Transfer Pricing Tax Audits and the Significance of R&D in Comparable Data
In tax audit practices, assessing the significance of the Research and Development (R&D) function is a crucial issue. This is because differing views on the importance of R&D functions often spark debates between taxpayers and tax authorities.
While this issue may seem simple, in practice, it involves significant complexity, especially during the process of selecting comparable companies for transfer pricing purposes.
Quite often, the assessment of the R&D function's significance in a potential comparable is based on a single indicator: the presence or absence of R&D expenses listed in the financial statements within commercial databases.
This approach frequently leads to the automatic elimination of comparable companies that record R&D expenses, without further analysis regarding the actual level of significance of those activities.
To illustrate, some companies record no R&D expenses at all, others record only small and sporadic amounts, while some consistently record large R&D expenditures every year.
In audit practice, companies that record R&D expenses, whether small or large, are often treated the same; they are eliminated as comparable data.
International Guidelines
This practice is based on the simple assumption that any company incurring R&D expenses is deemed to perform a significant R&D function and, therefore, is not comparable to the tested taxpayer. However, this approach is not fully aligned with international guidelines.
Paragraph 3.43 of the OECD Transfer Pricing Guidelines explicitly emphasizes that the selection of comparable data should not rely solely on the existence of R&D expenses, but rather on the level of significance of the function. One of the recommended indicators is the ratio of R&D expenses to sales, rather than merely the nominal amount of costs reported in the financial statements.
This means that the presence of R&D expenses should serve as a starting point for analysis, not as an immediate ground for elimination. Unfortunately, in practice, this ratio-based approach has not yet become a consistent standard.
The issue becomes even more complex because, to date, there is no clear threshold for the significance ratio of R&D expenses, either in the OECD Transfer Pricing Guidelines or in Indonesian tax regulations. This gap leaves broad room for interpretation and has the potential to give rise to differing views between taxpayers and the tax authority.
Under such circumstances, analyzing the impact of R&D expenses on company performance becomes relevant. In theory, a substantial R&D function does not merely end as an operating expense.
Significant R&D expenditures generally lead to the creation of intangible assets, such as patents, technology, or know-how, which ultimately contribute to improved corporate profitability.
The Significance of R&D to Profitability
This logic is consistent with the OECD approach, which links the R&D function to the ownership of intangible assets. The more significant the R&D function, the greater the potential value of the intangible assets owned by a company, and consequently, the greater the impact on the profits generated.
These findings are also supported by various empirical studies. A study by Pratama, Wibowo, and Inayah (2019) shows that R&D expenditure plays a significant role in improving a company’s financial performance. R&D drives innovation, process efficiency, and sustainable competitive advantage, which are ultimately reflected in higher levels of profitability.

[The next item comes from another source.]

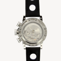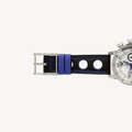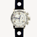 Valjoux 7753 automatic chronograph movement, diameter 44mm. Polished stainless steel case, 12 blue sapphires on flange. White lacquered gray stainless steel crown and pushers. Gray stainless steel horns. Glass above below (back and bezel) sapphire. White dial with gray appliques. Lightened super light dark blue hands. Superfine stainless steel screws. Black leather strap with holes, dark blue double stitching. Water resistance 100m.
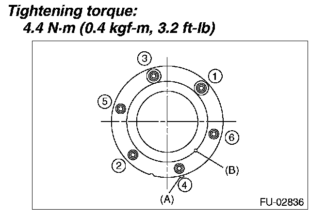 - Tighten the nuts and bolts to the specified torque in the order as shown in the figure.

Accordingly, if a comparable data candidate truly has a significant R&D function, this condition should be proportionally reflected in its level of profitability. Conversely, the recording of R&D expenses in limited or incidental amounts does not necessarily indicate the existence of a substantial R&D function.
Therefore, using the mere presence of nominal R&D expense figures as the sole basis for eliminating comparable data has the potential to result in an analysis that is not comparable and does not adequately reflect the actual conditions.
The Urgency of Legal Certainty
On the other hand, it must be acknowledged that the absence of clear quantitative parameters regarding the significance of R&D expenses remains a challenge. Without a well-defined ratio standard, room for differing interpretations will always exist, both in the audit process and in the preparation of transfer pricing documentation.
Going forward, strengthening regulations through the establishment of measurable and standardized parameters for R&D expense ratios is essential, not only to improve audit consistency but also to provide legal certainty for taxpayers.
With clearer regulatory support, harmonization between domestic provisions and international guidelines such as the OECD Transfer Pricing Guidelines can be further enhanced. Ultimately, this will encourage the application of the arm’s length principle in a manner that is more transparent and balanced. (ASP/KEN)
Disclaimer! This article is a personal opinion and does not reflect the policies of the institution where the author works.